21-3 冷却・仕上げ・瓶詰め・鑑定依頼

 

 煮出しを終え、ポーションの原液を作り終えた。


 『製氷の魔法円』を使って、凍らせぬように温度を下げたら、笊を使い、ポーション原液と漬け込みに使った薬草に振り分けて行く。


 笊に残った薬草は、直ぐにサノスが裏庭へと出しに行った。

 あのまま乾燥させ、ハーブティーの種へとなるのだろう。


 一方、両手鍋に残った液こそが、ポーションの原液だ。


 ここまで一緒に作業していたサノスとロザンナに告げて行く。


「ここからがポーション作りの仕上げだ。このポーション原液に、強目の回復魔法を掛けて、ポーションが出来上がるんだ」


「「はい」」


 二人が納得した返事を返してくる。


 その返事を聞いた所で、俺は胸元の『エルフの魔石』から魔素を取り出し、入念に洗った指先へ濃く、厚く、魔素を纏わせて、それをポーション原液に移しながら、強目の回復魔法を施して行く。


 一気にポーション液が魔素に満たされ、輝きを増して行く。


 この輝き具合は、かなり良いポーションが出すものだ。


 今回は原料の薬草が良かったのか、いつもより等級が上がったポーションが出来上がった気がする。


「す、スゴいです!」


 胸元の魔石を握りしめ、目を見開いたサノスが呟く。


 サノスはポーション液に満たされた魔素の輝きを見て取れたようだ。


 両手鍋に入ったポーション液を作業場へ持ち込み、サノスとロザンナが協力してポーションの瓶詰めを終わらせた。


 作業机には11本のポーションが整然と並んでいる。

 先月は20本仕上げたが、今回は11本だ。

 薬草も先月の半分だから、妥当な量の出来上がりだ。


 両手鍋に残ったポーション液をサノスとロザンナが見つめては、俺の顔をチラチラと見てくる。


「飲んで良いぞ(笑」


 俺の声を聞いた途端に、ロザンナが台所からマグカップを2つ持ってきた。

 それぞれのマグカップに残ったポーション液を注ぎ、二人で見合って頷くと一気に飲み干した。


「苦い~」

「うぇ~」


 まあ、ポーションなんて苦いのが当たり前だ(笑


 ◆


 その後、ポーション作りに使った道具の全てを二人が洗い終え、サノスとロザンナが帰る時間となった。
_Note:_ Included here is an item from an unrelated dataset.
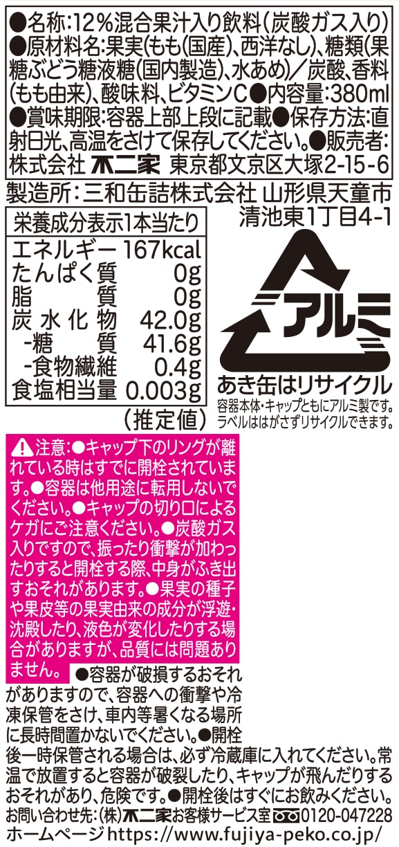 - 不二家 ネクタースパークリング 白桃&ラ・フランス ボトル缶 380ml

 二人とも帰り支度が整った所で、少し残業になった事を詫びながら、忘れずに二人に日当を渡した。


 すると作業机に1本だけ残したポーションを気にしながら、ロザンナが聞いてきた。


「イチノスさん、このポーションはどうするんですか?」


「このポーションは、これから冒険者ギルドで鑑定してもらうんだ」


 ロザンナへ答えたとおりに、俺はこれから冒険者ギルドへ行き、出来たばかりのポーションの鑑定を依頼するつもりだ。


 もちろん、その後は風呂屋へ行き大衆食堂でエールだな。


「その後で、師匠は風呂屋ですよね? 食堂に来ます?」


「ん? サノスは食堂に寄るのか?」


「はい、食堂で晩御飯を食べて帰ります」


 カランコロン


 そんな会話をして3人で店を出ると、夕刻に染まる街の中、向かいの交番所から声が聞こえてくる。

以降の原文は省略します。